Why some people are more likely to end relationships over politics

Posted on Posted in Books, Ethics, News and Politics, Values

The divide in political ideology is drawing much attention lately as this election season raises these issues to a fever pitch. Lately I’ve read a series of articles and personal stories describing how people are ending personal relationships over political disagreements. One article reported a survey result that 15% of people reported recently ending a friendship due to politics and discussions on social media. I’m not among this group; the concept is foreign to me* but I find it fascinating and, of course, a little saddening.

Clearly, some people seem to be more likely to feel upset and end personal relationships over intellectual disagreements and other people, like me, are mostly unaffected by this frequent occurrence.

Why is it that many people do not separate intellectual debate on issues from emotion-based relationships with individuals. It’s that “I can’t be good friends with you if you disagree with me on fundamental issues” mentality. It’s the same sentiment expressed in the New Testament bible verse “Do not be yoked together with unbelievers. For what do righteousness and wickedness have in common? Or what fellowship can light have with darkness?”. In contrast, there are people like me who embrace diversity and seek it out. I’ve actually spent considerable time deliberating on that bible verse and I reject it completely.

In addition, I’ve also written recently about how the level of formal education seems to be highly correlated with political leanings, at least in this election cycle. Is this coincidental or are these factors related? Why does the inability to separate politics from relationships anecdotally appear to be more prevalent in people with lower levels of formal education? At first this seems unlikely; perhaps even a bigoted theory I have spun. Yet I often notice within my own circle of family and friends that those with a higher level of formal education are more likely to be unaffected by inter-personal political disagreements based on ideology. In contrast, those with lower levels of education seem more likely to allow a political disagreement affect their feelings about a relationship.
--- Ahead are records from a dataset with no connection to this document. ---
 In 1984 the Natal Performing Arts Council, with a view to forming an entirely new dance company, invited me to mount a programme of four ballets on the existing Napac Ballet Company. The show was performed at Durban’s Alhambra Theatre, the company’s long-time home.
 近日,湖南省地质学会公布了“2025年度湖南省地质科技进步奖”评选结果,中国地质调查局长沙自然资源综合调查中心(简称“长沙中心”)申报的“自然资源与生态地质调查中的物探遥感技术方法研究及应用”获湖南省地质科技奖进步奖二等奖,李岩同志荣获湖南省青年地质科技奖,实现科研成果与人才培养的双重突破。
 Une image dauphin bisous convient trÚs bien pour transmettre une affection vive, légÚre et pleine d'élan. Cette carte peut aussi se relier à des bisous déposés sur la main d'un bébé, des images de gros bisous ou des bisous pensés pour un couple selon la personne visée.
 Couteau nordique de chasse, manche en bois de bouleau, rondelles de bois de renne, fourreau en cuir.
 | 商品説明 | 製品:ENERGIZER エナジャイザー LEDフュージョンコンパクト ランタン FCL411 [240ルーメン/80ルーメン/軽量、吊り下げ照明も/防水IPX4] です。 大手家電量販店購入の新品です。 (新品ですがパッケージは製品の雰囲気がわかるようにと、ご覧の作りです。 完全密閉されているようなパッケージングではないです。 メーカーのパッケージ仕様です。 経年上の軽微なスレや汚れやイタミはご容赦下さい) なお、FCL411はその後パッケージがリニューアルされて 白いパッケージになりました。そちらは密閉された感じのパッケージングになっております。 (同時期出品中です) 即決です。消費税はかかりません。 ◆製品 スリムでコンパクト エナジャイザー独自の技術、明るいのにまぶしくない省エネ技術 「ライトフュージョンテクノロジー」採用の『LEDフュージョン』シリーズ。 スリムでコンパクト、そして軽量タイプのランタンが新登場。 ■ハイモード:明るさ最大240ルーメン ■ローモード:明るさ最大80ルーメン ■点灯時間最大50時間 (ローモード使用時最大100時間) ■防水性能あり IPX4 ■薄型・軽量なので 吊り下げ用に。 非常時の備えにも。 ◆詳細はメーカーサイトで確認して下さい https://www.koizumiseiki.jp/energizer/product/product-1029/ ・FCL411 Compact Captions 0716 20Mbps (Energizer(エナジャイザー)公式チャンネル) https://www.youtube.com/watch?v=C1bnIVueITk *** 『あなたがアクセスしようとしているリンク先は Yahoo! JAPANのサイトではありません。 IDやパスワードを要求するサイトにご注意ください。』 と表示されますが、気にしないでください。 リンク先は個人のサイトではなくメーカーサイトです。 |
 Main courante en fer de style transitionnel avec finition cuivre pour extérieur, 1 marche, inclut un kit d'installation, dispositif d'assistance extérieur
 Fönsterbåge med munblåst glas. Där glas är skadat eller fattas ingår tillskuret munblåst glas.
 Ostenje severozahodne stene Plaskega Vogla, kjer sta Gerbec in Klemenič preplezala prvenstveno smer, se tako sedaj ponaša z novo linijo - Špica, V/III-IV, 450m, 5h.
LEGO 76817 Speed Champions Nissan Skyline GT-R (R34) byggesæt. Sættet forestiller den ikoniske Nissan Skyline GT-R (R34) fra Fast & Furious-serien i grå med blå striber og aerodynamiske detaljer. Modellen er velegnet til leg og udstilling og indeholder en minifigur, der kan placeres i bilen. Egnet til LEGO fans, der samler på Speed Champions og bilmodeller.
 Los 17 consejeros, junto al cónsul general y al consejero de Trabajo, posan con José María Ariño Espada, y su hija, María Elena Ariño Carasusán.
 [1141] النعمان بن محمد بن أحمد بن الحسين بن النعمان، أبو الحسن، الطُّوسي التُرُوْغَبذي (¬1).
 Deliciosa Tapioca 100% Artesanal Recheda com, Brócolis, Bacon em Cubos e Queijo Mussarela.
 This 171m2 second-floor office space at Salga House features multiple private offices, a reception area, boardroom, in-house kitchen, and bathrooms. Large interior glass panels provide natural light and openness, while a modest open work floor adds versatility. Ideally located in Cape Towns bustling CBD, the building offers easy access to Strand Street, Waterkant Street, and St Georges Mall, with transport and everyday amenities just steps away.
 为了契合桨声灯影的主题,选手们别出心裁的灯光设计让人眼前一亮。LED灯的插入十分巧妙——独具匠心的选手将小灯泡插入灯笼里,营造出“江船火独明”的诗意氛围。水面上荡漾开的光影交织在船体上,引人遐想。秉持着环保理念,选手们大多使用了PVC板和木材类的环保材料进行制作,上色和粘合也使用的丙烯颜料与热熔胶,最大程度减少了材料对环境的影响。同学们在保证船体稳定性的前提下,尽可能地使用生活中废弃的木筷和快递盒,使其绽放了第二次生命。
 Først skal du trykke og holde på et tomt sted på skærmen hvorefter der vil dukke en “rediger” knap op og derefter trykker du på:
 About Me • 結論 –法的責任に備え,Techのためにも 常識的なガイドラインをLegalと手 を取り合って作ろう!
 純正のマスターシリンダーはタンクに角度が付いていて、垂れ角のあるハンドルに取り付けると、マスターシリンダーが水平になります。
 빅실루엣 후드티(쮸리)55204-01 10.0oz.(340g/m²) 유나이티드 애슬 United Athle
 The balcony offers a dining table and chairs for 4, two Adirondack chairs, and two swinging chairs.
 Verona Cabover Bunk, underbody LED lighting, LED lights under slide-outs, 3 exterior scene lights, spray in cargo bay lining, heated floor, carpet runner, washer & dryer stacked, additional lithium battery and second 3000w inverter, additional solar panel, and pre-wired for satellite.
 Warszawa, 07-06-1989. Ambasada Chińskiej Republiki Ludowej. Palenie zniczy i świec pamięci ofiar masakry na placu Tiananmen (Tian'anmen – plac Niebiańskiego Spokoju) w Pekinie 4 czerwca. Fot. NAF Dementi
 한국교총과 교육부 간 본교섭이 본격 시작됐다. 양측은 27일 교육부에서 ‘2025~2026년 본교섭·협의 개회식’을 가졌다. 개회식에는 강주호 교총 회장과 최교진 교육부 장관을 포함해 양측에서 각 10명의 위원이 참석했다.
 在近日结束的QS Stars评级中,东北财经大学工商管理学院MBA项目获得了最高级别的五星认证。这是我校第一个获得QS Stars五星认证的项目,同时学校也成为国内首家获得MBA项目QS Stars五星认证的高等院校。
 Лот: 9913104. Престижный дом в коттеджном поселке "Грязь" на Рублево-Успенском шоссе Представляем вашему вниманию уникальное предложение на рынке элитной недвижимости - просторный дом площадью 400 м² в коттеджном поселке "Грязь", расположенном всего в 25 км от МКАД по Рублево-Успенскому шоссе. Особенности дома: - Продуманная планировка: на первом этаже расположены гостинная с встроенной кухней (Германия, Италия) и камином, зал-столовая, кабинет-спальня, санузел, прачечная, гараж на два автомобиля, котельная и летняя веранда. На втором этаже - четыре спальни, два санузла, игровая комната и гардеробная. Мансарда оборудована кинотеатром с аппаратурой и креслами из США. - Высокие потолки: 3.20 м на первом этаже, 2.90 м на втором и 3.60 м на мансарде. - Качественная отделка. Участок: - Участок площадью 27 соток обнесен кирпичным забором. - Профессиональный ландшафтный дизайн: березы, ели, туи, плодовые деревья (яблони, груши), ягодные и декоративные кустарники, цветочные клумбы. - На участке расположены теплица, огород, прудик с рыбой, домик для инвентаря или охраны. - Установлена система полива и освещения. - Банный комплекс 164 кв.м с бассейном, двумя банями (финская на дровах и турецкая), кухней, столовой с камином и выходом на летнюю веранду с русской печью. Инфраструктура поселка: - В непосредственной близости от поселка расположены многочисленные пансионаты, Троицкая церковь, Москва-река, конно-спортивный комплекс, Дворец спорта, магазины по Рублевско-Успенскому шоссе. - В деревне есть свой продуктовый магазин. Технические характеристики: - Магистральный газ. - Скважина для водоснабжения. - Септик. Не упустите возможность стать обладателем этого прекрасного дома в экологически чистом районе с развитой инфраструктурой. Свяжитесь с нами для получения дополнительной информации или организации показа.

I have two theories on this issue:

First, the ability to separate intellectual positions and personal feelings is a learned skill that is somehow further developed during the formal education process. Our past experiences, perhaps on a college campus or in the classroom, pre-wire out brain to accept dissenting opinions within a larger community dominated by positive feelings of support and cohesiveness. This theory helps explain my observations of correlation between these otherwise independent factors. Of course I’m not suggesting that formal education is the only path toward increased level of tolerance for dissonance, only that it might be a contributing factor.

Second, I suspect that the willingness to accept a core belief without questioning the underlying factual evidence is a neurological pattern that surfaces more than once in people who are so inclined. Perhaps this explains the strong support for Trump among fundamentalist Christians. Our willingness to embrace a core belief of “Make America great again” isn’t so far removed from the thought process in trusting Jesus as my Lord and savior. Both positions are accepted on the overpowering strength of the ideal and not based on a build-up of factual evidence for that belief.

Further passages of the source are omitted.